We saw it was a limit. Here's the definition:

The tangent line to the curve $y = f(x)$ at the point $P(a, f(a))$ is the line through $P$ with slope \[m = \lim_{x\rightarrow a}\dfrac{f(x) - f(a)}{x - a}\] if this limit exists.

Find an equation of the tangent line to the parabola $y = x^2$ at the point $P(1,1)$.

The tangent line limit is an indeterminate form. Here is an animation of the previous example:

Notice how the expression $f(x) - f(a)$ approaches $0$ and $x - a$ also approaches 0.

Because this limit is an indeterminate form, we need to simplify the expression before applying the limit.

In practice, it's easier to simplify the following equivalent expression of the slope of the tangent line: \[m = \lim_{h \rightarrow 0} \dfrac{f(a + h) - f(a)}{h}\]

Find an equation of the tangent line to the hyperbola $y = 3/x$ at the point $(3, 1)$.

The tangent line is sometimes called the slope of the curve because if you zoom in far enough, the curve almost looks like a straight line.

Velocities

In Section 1.4 we described dropping a ball from the CN tower and defined its velocity to be the "limit" of the average velocities over shorter and shorter time periods.
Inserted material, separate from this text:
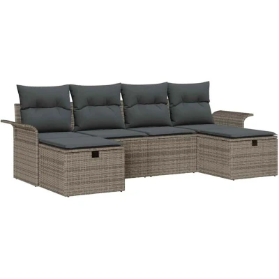 vidaXL Garden Sofa Set with Cushion Manual 6 pcs Grey Poly Rattan
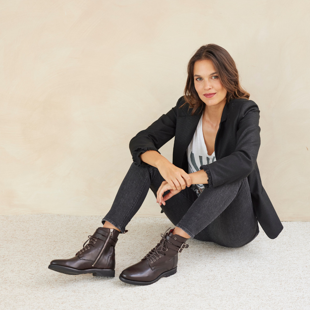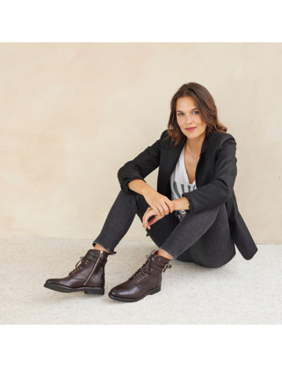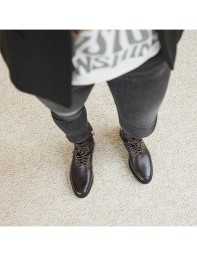 Conçues pour durer, ces boots à lacets se distinguent par leur zip intérieur qui facilite l’enfilage sans compromettre le maintien. Le cuir de qualité supérieure épouse la forme du pied, offrant un confort naturel et un look intemporel, parfait pour accompagner vos tenues casual ou plus habillées.

Recall that $s = f(t)$ gives the position of an object moving in a straight line $t$ seconds after rest, called the position function.

Over the time interval $[a, a+h]$, the change in position is $f(a + h) - f(a)$. Thus the average velocity is \[\text{average velocity} = \dfrac{\text{displacement}}{\text{time}} = \dfrac{f(a + h) - f(a)}{h}\]

But looking at shorter and shorter time periods of the average velocity requires $h \rightarrow 0$. Thus we have the following definition:

The instantaneous velocity $v(a)$ at time $t = a$ is the limit of the average velocities \[v(a) = \lim_{h \rightarrow 0} \dfrac{f(a + h) - f(a)}{h}\]

We now redo the problem in 1.4 but with this limit.

Suppose that a ball is dropped from the upper observation deck of the CN Tower in Toronto, 450 m above the ground. Find the instantaneous velocity of the ball after 5 seconds.

Derivatives

Notice how the same limit \[\lim_{h\rightarrow 0} \dfrac{f(a + h) - f(a)}{h}\] occurred when we wanted to calculate a "rate of change." This limit appears often enough so we give it a name:

The derivative of a function $f$ at a number $a$, denoted by $f'(a)$ is \[f'(a) = \lim_{h\rightarrow 0} \dfrac{f(a+h) - f(a)}{h}\] if this limit exists.

The derivative can take on three interpretations:

It is the slope of the tangent line at $x = a$.
It is the "instantaneous rate of change" at $x = a$. For example:
- If $s(t)$ is a position function, then $s'(a)$ is the instantaneous velocity at the moment in time $t = a$.
- Think of this interpretation as how fast the heights $f(x)$ are changing at the $x$-value $a$.
It is the slope of the curve at $x = a$. In particular, you should think of the tangent line as an "approximation" to the function $f(x)$.

Find the derivative of the function $f(x) = x^2 - 8x + 9$ at the number $a$.

The slope of the tangent line is the derivative.

Thus the tangent line to $y = f(x)$ at $(a, f(a))$ is the line through $(a, f(a))$ whose slope is $f'(a)$.

The general equation can be described with point-slope form.

Suppose $f(x)$ is a function. The equation of the tangent line at the point $(a, f(a))$ is \[y - f(a) = f'(a) (x - a)\]

Find an equation of the tangent line to the parabola $y = x^2 - 8x + 9$ at the point $(3, -6)$.